И вдруг все гаснет, теряет всякий блеск и заманчивость. Ни одухотворенности, ни жизни во всем вокруг. Безнадежно. Он поворачивается и идет прочь. Хочет только уйти отсюда.
Неужели всегда возвращаешься к истокам, где что-то плещется и безмолвствует, где начал биться твой собственный пульс? Твое собственное сердце.
Я видел этого мальчика. Что с ним стряслось? Пустяк. Недоразумение, в сущности. И тем не менее одно слово разрушило для него всё. Теперь он шел со своим неизбывным горем по местам, которые сделались равнодушны, трезвы и обыкновенны, — изгой сияющего мира.
Я видел Антониту, как она, верно, сидела в баре — тогда, после моего ухода. Будто каменная, сказал бармен. Ему хочется утешить ее, он говорит: «Ну что ты убиваешься? На вот, выпей. И забудь его». Так говорит этот человек, который у себя дома, когда, зевая спросонок, в майке, смотрит в окно, брюзглив, неприязнен, враждебен — словом, вовсе не «бармен». Пожилой мужчина крепкого телосложения, неженатый. Одинокий.

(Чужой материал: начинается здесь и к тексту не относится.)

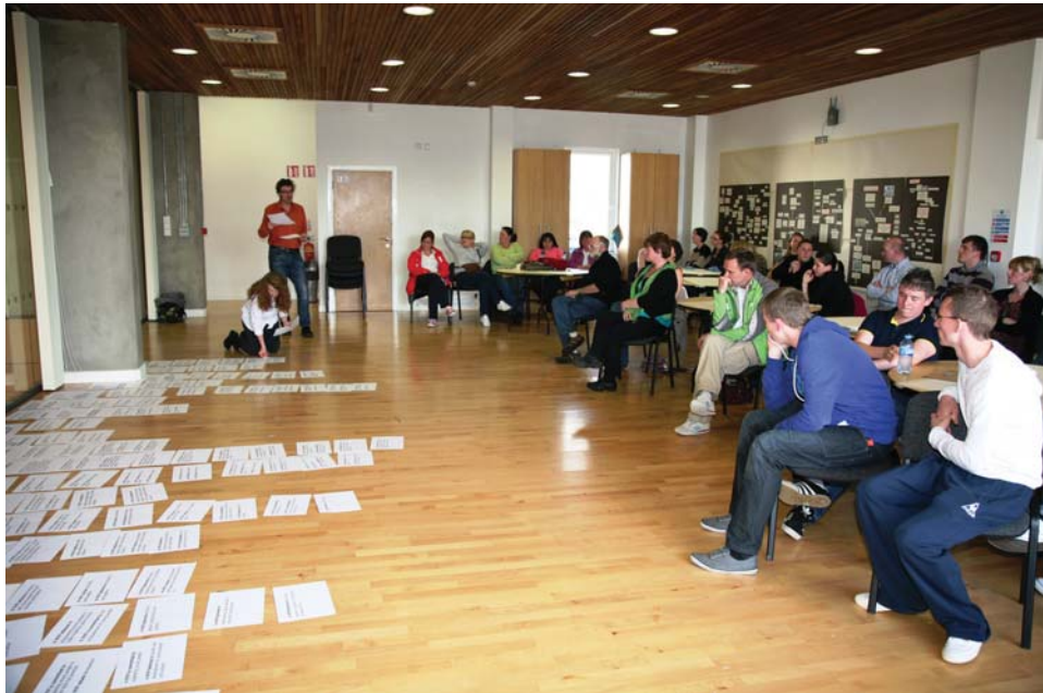
Arcade 1 Validation Event F2 Neighbourhood Centre, 2011.

Using a collaborative workshop process of content generation, revision, and descriptive refinement, Arcade Two evolved into an organisationally self-generated construction of their arts-based pedagogy.

Сын матери, которая им восхищается или помыкает, во всяком случае, держит мертвой хваткой и не желает отпустить? Видел я и официанта с мотоциклом, позирующего перед фотографом, а может, перед невестой, юной девушкой с «Кодаком» в руках. Он держится за мотоцикл, крепко-крепко. Не отдавай его, приятель.
Антонита. Сверкающие в улыбке зубы во время танцпарада, когда она в одном строю с другими девушками показывает свои красивые ноги и поет. Они хором поют «Эскуадрон дель амор» и танцуют. Ее упрямо замкнутое лицо — и лицо, румяное от счастья, косынка. Чуть перехваченный голос, как отзвук плача. Не плакать, говорит бармен, наклонясь над стойкой. Булка, косынка, слезы — выстукивают по рельсам колеса, пока не перемелют все.
Я видел свой приезд в Б. Впервые выйти в город. Город на чрезвычайном положении, жаркий и безлюдный. Точно пики и виселицы, торчат из каменистой почвы фонари. Все живое схоронилось за стенами, крепко-накрепко закрыв окна и двери. Улицы враждебны. Время не двигается. Я видел, как прибыл и нырнул в тень. Вместо меня там ходит другой. У этого человека почти нет багажа, только то, что на нем. Нет ни имени, ни воспоминаний, ни страха. Он прибыл с уверенностью, что возвращается на арену…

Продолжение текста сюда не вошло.